30.3 Declaring Dependencies: Depends, Suggests, Imports

List all dependencies in the DESCRIPTION file. Every package that is used by your package’s code must appear in exactly one of the sections Depends, Imports, or Suggests.

Please list packages in alphabetical order within each section. R doesn’t care about the order, but you will later when you’re trying to check whether this package uses a particular dependency.

  • Imports is the correct place to declare most PEcAn dependencies. This ensures that they get installed, but does not automatically import any of their functions – Since PEcAn style prefers to mostly use :: instead of importing, this is what we want.

  • Depends is, despite the name, usually the wrong place to declare PEcAn dependencies. The only difference between Depends and Imports is that when the user attaches your packages to their own R workspace (e.g. using library("PEcAn.yourpkg")), the packages in Depends are attached as well. Notice that a call like PEcAn.yourpkg::yourfun() will not attach your package or its dependencies, so your code still needs to import or ::-qualify all functions from packages listed in Depends. In short, Depends is not a shortcut, is for user convenience not developer convenience, and makes it easy to create subtle bugs that appear to work during interactive test sessions but fail when run from scripts. As the R extensions manual puts it (emphasis added):

    This [Imports and Depends] scheme was developed before all packages had namespaces (R 2.14.0 in October 2011), and good practice changed once that was in place. Field ‘Depends’ should nowadays be used rarely, only for packages which are intended to be put on the search path to make their facilities available to the end user (and not to the package itself)."

  • The Suggests field can be used to declare dependencies on packages that make your package more useful but are not completely essential. Again from the R extensions manual:

    The Suggests field uses the same syntax as Depends and lists packages that are not necessarily needed. This includes packages used only in examples, tests or vignettes (see Writing package vignettes), and packages loaded in the body of functions. E.g., suppose an example from package foo uses a dataset from package bar. Then it is not necessary to have bar use foo unless one wants to execute all the examples/tests/vignettes: it is useful to have bar, but not necessary.

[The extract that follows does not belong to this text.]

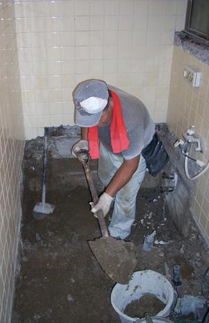 タイルのお風呂を、職人さんが解体していきます。

    Some of the PEcAn model interface packages push this definition of “not necessarily needed” by declaring their coupled model package in Suggests rather than Imports. For example, the PEcAn.BIOCRO package cannot do anything useful when the BioCro model is not installed, but it lists BioCro in Suggests because PEcAn as a whole can work without it. This is a compromise to simplify installation of PEcAn for users who only plan to use a few models, so that they can avoid the bother of installing BioCro if they only plan to run, say, SIPNET.

    Since the point of Suggests is that they are allowed to be missing, all code that uses a suggested package must behave reasonably when the package is not found. Depending on the situation, “reasonably” could mean checking whether the package is available and throwing an error as needed (PEcAn.BIOCRO uses its .onLoad function to check at load time whether BioCro is installed and will refuse to load if it is not), or providing an alternative behavior (PEcAn.data.atmosphere::get_NARR_thredds checks at call time for either parallel or doParallel and uses whichever one it finds first), or something else, but your code should never just assume that the suggested package is available.

    You are not allowed to import functions from Suggests into your package’s namespace, so always call them in ::-qualified form. By default R will not install suggested packages when your package is installed, but users can change this using the dependencies argument of install.packages. Note that for testing on Travis CI, PEcAn does install all Suggests (because they are required for full package checks), so any of your code that runs when a suggested package is not available will never be exercised by Travis checks.

    It is often tempting to move a dependency from Imports to Suggests because it is a hassle to install (large, hard to compile, no longer available from CRAN, currently broken on GitHub, etc), in the hopes that this will isolate the rest of PEcAn from the troublesome dependency. This helps for some cases, but fails for two very common ones: It does not reduce install time for CI builds, because all suggested packages need to be present when running full package checks (R CMD check or devtools::check or make check). It also does not prevent breakage when updating PEcAn via make install, because devtools::install_deps does not install suggested packages that are missing but does try to upgrade any that are already installed to the newest available version – even if the installed version took ages to compile and would have worked just fine!